Between 1983 and 1990, VOA made significant upgrades to transmission facilities in Botswana (Selebi-Phikwe), Morocco, Thailand (Udon Thani), Kuwait, and São Tomé (Almas). Some of them are shared with Radio Liberty and Radio Free Asia.

VOA and USAGM continue to operate shortwave radio transmitters and antenna farms at International Broadcasting Bureau Greenville Transmitting Station (known as "Site B") in the United States, close to Greenville, North Carolina. They do not use FCC-issued call signs, since the FCC does not regulate communications by other federal government agencies. The International Broadcasting Bureau also operates transmission facilities on São Tomé and Tinang, Concepcion, Tarlac, Philippines, for VOA.

=== Languages ===
The Voice of America website had five English-language broadcasts as of 2014 (worldwide, Learning English, Cambodia, Zimbabwe, and Tibet). Additionally, the VOA website has versions in 48 foreign languages.

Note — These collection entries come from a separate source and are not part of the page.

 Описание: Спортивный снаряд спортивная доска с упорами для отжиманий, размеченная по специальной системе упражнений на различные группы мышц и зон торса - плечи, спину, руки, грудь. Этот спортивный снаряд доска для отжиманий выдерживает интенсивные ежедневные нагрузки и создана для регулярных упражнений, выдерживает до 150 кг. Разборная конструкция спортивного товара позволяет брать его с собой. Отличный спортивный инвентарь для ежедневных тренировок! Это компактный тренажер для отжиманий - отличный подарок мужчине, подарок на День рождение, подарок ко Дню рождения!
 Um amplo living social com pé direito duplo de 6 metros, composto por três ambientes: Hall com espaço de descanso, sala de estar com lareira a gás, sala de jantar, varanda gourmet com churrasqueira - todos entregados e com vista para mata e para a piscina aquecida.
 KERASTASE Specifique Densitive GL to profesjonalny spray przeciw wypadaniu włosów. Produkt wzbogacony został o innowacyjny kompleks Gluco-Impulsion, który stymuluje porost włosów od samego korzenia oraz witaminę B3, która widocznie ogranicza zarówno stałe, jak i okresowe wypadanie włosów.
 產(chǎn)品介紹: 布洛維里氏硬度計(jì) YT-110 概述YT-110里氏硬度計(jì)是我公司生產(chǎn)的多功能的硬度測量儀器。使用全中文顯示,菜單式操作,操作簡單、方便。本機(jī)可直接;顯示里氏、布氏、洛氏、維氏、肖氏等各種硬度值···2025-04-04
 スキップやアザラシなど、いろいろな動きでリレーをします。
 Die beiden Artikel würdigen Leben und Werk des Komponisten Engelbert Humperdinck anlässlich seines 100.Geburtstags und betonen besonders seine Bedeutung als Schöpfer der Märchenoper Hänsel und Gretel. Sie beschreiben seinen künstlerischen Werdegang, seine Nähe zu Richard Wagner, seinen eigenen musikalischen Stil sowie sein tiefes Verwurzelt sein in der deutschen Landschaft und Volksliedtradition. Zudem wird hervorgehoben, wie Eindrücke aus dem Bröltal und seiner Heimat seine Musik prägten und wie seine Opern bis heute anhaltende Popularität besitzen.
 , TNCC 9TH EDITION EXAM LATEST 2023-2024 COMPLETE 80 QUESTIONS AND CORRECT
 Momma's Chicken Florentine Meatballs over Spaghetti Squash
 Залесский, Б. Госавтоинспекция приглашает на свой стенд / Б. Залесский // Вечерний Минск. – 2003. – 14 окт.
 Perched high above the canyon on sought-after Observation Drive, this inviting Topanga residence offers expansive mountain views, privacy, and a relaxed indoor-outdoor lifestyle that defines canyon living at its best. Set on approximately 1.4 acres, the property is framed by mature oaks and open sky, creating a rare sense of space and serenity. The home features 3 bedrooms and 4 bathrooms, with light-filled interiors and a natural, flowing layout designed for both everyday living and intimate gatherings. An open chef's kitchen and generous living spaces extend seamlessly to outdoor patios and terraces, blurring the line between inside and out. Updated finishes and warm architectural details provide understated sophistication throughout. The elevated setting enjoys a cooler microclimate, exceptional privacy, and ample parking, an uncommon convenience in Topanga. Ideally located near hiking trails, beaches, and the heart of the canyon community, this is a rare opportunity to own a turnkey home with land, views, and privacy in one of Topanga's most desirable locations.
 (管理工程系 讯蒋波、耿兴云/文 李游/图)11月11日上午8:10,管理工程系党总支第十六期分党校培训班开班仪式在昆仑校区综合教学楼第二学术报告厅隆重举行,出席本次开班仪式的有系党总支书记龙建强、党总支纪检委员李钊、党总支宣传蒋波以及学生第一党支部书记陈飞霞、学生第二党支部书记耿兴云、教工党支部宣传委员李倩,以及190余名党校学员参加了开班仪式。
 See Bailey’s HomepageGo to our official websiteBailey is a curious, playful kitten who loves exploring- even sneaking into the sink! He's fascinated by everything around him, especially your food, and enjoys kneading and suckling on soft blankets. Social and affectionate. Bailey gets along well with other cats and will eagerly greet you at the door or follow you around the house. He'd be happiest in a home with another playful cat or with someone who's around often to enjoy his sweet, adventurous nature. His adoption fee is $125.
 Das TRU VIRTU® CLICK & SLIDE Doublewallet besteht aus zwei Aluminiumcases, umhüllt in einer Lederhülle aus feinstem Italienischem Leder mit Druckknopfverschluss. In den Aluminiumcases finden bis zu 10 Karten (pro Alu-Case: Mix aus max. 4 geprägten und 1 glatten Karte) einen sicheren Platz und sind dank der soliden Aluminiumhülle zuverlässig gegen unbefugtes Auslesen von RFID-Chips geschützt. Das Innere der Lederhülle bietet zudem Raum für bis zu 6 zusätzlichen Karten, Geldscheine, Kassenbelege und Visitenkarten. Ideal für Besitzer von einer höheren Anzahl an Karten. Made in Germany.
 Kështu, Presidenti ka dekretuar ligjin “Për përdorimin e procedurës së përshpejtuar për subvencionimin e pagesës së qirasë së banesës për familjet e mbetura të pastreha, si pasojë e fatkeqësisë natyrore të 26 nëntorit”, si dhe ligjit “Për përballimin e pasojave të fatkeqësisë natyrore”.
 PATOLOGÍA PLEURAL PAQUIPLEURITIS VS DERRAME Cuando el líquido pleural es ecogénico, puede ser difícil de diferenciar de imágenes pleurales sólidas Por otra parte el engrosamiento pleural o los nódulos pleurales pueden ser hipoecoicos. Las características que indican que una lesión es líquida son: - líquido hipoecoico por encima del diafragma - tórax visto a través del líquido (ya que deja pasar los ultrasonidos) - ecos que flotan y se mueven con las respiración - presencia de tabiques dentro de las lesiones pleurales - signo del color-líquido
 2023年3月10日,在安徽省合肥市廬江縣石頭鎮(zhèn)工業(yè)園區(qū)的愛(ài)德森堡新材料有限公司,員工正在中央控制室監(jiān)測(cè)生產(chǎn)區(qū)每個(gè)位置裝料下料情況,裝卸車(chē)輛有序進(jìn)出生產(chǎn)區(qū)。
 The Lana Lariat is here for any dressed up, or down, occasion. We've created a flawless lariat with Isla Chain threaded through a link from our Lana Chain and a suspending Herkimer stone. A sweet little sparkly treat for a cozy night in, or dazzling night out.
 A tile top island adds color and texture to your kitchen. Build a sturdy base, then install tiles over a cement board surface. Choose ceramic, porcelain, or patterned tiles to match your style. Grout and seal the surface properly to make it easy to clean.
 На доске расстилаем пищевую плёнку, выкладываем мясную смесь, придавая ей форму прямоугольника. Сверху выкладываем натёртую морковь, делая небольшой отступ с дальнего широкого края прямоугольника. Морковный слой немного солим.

Radio programs are marked with an "R"; television programs with a "T":

1. Afan Oromo ^{R}
2. Albanian ^{R, T}
3. Amharic ^{R}
4. Armenian ^{T}
5. Azerbaijani ^{T}
6. Bambara ^{R}
7. Bangla ^{R, T}
8. Bosnian ^{T}
9. Burmese ^{R, T}
10. Cantonese ^{R, T}
11. Dari Persian ^{R, T}
12. English ^{R, T}
13. French ^{R, T}
14. Georgian ^{R}
15. Haitian Creole ^{R}
16. Hausa ^{R}
17. Indonesian ^{R, T}
18. Khmer ^{R, T}
19. Kinyarwanda ^{R}
20. Kirundi
21. Korean ^{R}
22. Kurdish ^{R}
23. Lao ^{R}
24. Lingala ^{R}
25. Macedonian ^{T}
26. Mandarin ^{R, T}
27. Ndebele
28. Pashto ^{T}
29. Persian ^{R, T}
30. Portuguese ^{R}
31. Rohingya
32. Russian ^{T}
33. Sango ^{R}
34. Serbian ^{T}
35. Shona ^{R}
36. Sindhi
37. Somali ^{R}
38. Spanish ^{R, T}
39. Swahili ^{R}
40. Thai ^{R}
41. Tibetan ^{R, T}
42. Tigrinya ^{R}
43. Turkish ^{T}
44. Ukrainian ^{T}
45. Urdu ^{R, T}
46. Uzbek ^{R, T}
47. Vietnamese ^{R, T}
48. Wolof

The number of languages varies according to the priorities of the United States government and the world situation.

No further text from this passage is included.